Problem: Would you please return the data below verbatim, without its pictures?

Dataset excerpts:
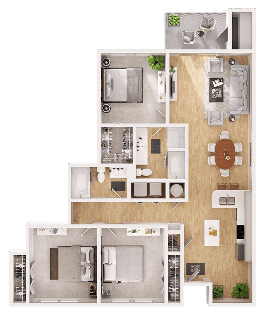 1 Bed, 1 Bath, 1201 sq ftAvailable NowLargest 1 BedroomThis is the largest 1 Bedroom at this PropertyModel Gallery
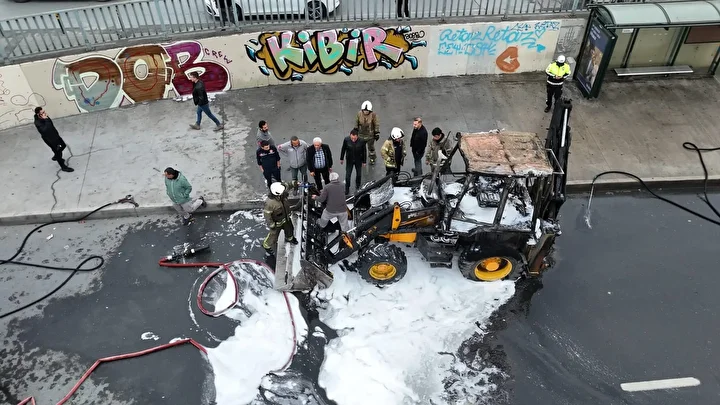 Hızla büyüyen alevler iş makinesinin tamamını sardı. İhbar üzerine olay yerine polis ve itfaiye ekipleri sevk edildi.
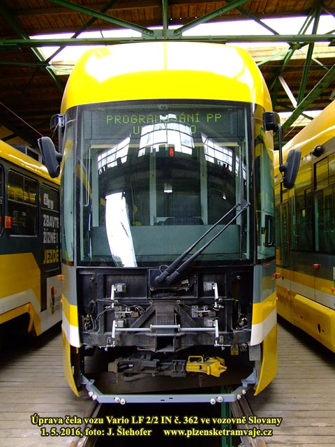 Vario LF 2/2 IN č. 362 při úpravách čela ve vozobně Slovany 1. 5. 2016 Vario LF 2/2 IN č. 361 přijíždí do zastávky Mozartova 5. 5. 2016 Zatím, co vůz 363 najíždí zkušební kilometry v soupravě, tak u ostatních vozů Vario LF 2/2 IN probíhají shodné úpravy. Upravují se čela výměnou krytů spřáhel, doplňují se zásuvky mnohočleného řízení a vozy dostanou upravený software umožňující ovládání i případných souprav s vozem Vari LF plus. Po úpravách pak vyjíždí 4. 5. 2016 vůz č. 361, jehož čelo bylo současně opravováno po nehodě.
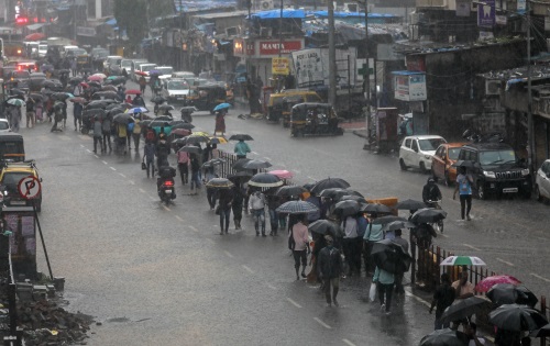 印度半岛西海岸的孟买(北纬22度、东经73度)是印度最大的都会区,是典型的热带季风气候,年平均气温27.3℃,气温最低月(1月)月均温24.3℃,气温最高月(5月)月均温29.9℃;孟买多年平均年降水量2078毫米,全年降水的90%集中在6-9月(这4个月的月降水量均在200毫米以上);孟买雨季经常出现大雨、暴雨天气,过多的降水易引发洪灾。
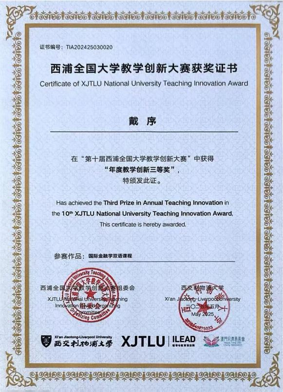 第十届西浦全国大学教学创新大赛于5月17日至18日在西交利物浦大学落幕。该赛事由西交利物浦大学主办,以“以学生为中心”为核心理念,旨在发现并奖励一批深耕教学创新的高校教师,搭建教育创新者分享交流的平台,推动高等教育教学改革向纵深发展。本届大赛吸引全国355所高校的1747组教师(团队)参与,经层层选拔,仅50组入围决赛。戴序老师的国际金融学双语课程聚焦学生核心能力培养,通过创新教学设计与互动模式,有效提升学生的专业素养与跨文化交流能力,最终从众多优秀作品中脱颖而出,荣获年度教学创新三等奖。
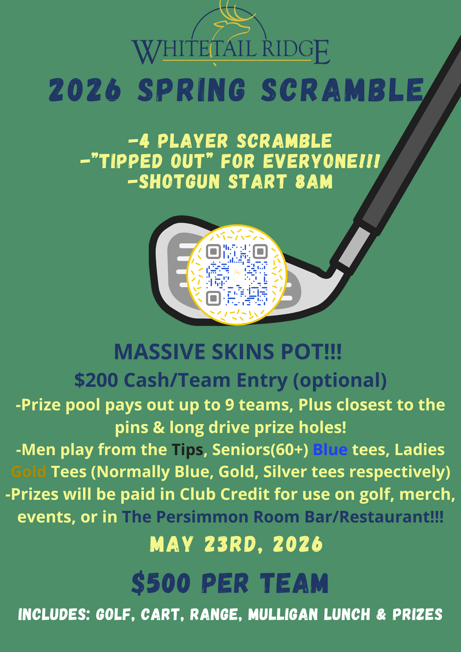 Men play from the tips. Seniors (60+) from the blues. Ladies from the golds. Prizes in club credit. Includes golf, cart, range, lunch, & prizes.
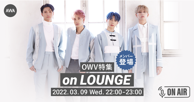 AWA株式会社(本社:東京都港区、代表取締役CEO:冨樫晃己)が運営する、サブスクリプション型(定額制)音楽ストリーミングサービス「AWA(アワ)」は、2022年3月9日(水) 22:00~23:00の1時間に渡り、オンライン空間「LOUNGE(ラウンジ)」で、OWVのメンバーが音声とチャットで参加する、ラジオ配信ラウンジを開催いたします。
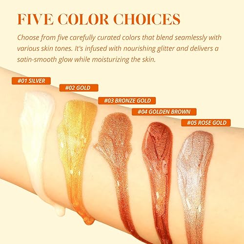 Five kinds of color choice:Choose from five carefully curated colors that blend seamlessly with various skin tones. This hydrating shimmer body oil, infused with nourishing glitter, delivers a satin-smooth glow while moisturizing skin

Answer to the exercise:
 1 Bed, 1 Bath, 1201 sq ftAvailable NowLargest 1 BedroomThis is the largest 1 Bedroom at this PropertyModel Gallery
 Hızla büyüyen alevler iş makinesinin tamamını sardı. İhbar üzerine olay yerine polis ve itfaiye ekipleri sevk edildi.
 Vario LF 2/2 IN č. 362 při úpravách čela ve vozobně Slovany 1. 5. 2016 Vario LF 2/2 IN č. 361 přijíždí do zastávky Mozartova 5. 5. 2016 Zatím, co vůz 363 najíždí zkušební kilometry v soupravě, tak u ostatních vozů Vario LF 2/2 IN probíhají shodné úpravy. Upravují se čela výměnou krytů spřáhel, doplňují se zásuvky mnohočleného řízení a vozy dostanou upravený software umožňující ovládání i případných souprav s vozem Vari LF plus. Po úpravách pak vyjíždí 4. 5. 2016 vůz č. 361, jehož čelo bylo současně opravováno po nehodě.
 印度半岛西海岸的孟买(北纬22度、东经73度)是印度最大的都会区,是典型的热带季风气候,年平均气温27.3℃,气温最低月(1月)月均温24.3℃,气温最高月(5月)月均温29.9℃;孟买多年平均年降水量2078毫米,全年降水的90%集中在6-9月(这4个月的月降水量均在200毫米以上);孟买雨季经常出现大雨、暴雨天气,过多的降水易引发洪灾。
 第十届西浦全国大学教学创新大赛于5月17日至18日在西交利物浦大学落幕。该赛事由西交利物浦大学主办,以“以学生为中心”为核心理念,旨在发现并奖励一批深耕教学创新的高校教师,搭建教育创新者分享交流的平台,推动高等教育教学改革向纵深发展。本届大赛吸引全国355所高校的1747组教师(团队)参与,经层层选拔,仅50组入围决赛。戴序老师的国际金融学双语课程聚焦学生核心能力培养,通过创新教学设计与互动模式,有效提升学生的专业素养与跨文化交流能力,最终从众多优秀作品中脱颖而出,荣获年度教学创新三等奖。
 Men play from the tips. Seniors (60+) from the blues. Ladies from the golds. Prizes in club credit. Includes golf, cart, range, lunch, & prizes.
 AWA株式会社(本社:東京都港区、代表取締役CEO:冨樫晃己)が運営する、サブスクリプション型(定額制)音楽ストリーミングサービス「AWA(アワ)」は、2022年3月9日(水) 22:00~23:00の1時間に渡り、オンライン空間「LOUNGE(ラウンジ)」で、OWVのメンバーが音声とチャットで参加する、ラジオ配信ラウンジを開催いたします。
 Five kinds of color choice:Choose from five carefully curated colors that blend seamlessly with various skin tones. This hydrating shimmer body oil, infused with nourishing glitter, delivers a satin-smooth glow while moisturizing skin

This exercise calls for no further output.